Dans les faits, si vous habitez dans une campagne qui souffre d’un manque d’accès, vous mettrez deux fois plus de temps à charger une vidéo et trois fois plus à afficher une bonne résolution d’image. UFC Que Choisir rappelle que l’inégalité face au haut débit est immense en France, puisqu’aujourd’hui, ce sont encore près de 13 millions de personnes qui sont privées ce que l’on appelle le « bon haut débit ».
Retour à la ligne
Une situation qui a conduit le défenseur des droits à parler de « fracture numérique ». Dans un rapport publié en janvier 2019, ce dernier rappelle les enjeux qui président à la fabrication d’une vraie démocratisation du numérique, à savoir l’égalité devant l’accès aux services publics, de plus en plus dématérialisés.
En France, rappelle-t-il, « près de 75 % des communes sont mal équipées, soit 15 % de la population » qui connaît de vraies difficultés quand il s’agit de remplir leurs démarches administratives. Au-delà des campagnes de l’Hexagone, on notera les difficultés des territoires ultramarins, qui ne bénéficient pas du tout des mêmes développements que la métropole ni en termes de réseaux, ni en termes d’offres.
Enfin, le défenseur des droits pointe le véritable souci social et culturel derrière la question de l’accès à Internet à l’heure où, indique-t-il, « le taux de connexion varie ainsi de 54 % pour les non diplômés à 94 % pour les diplômés de l’enseignement supérieur ».
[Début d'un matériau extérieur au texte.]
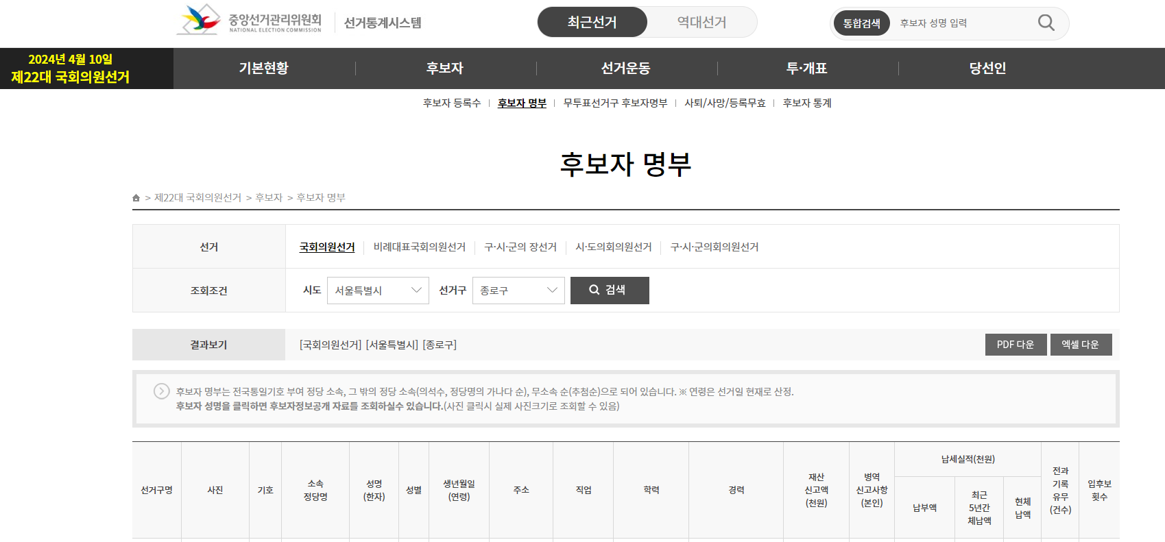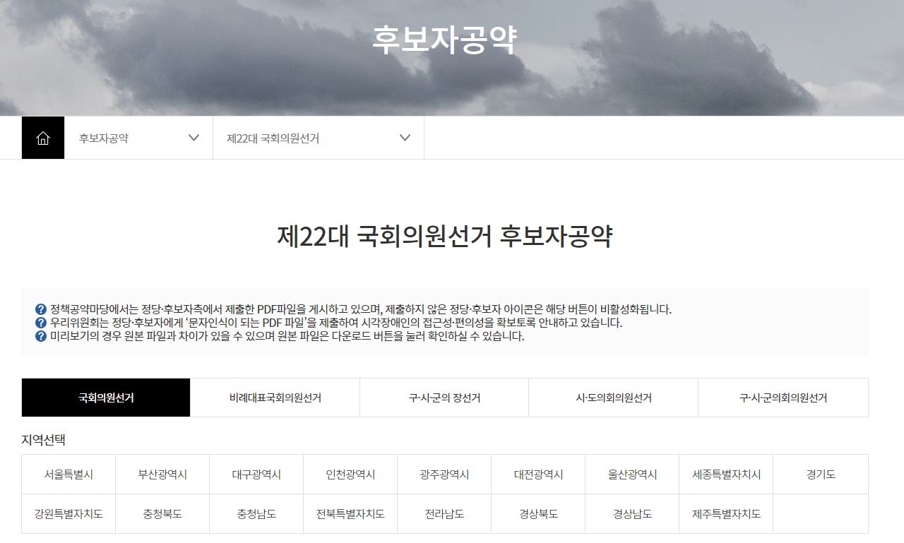 제22대 국회의원선거 후보자명단 & 공약 확인하기

Le diagnostic qui met en lumière ces fractures territoriales semble paradoxal au regard des annonces du gouvernement. Au début du quinquennat, le président de la République annonçait un Plan France Très Haut Débit visant à couvrir l’intégralité du territoire en très haut débit d’ici 2022, mais également à garantir un accès au bon haut débit pour tous d’ici 2020.
Présentes dans les 15 réformes clés du mandat d’Emmanuel Macron, « l’e-inclusion » prévoyait d’empêcher le décrochage de certains territoires français, en formant plus de 3 millions de personnes au numérique. Selon les chiffres de l’enquête de UFC Que-Choisir, nous en sommes encore loin. Depuis, l’État a doté un nouveau dispositif appelé Cohésion Numérique des Territoire de 100 millions d’euros.
L’idée ? Subventionner chaque foyer français jusqu’à 150 euros du coût d’équipement, d’installation ou de mise en service. Reste à savoir qui en bénéficiera avant 2022. Bien heureusement, une chose est sûre : si vous vous installez dans l’Yonne, vous pourrez toujours compter sur Scani.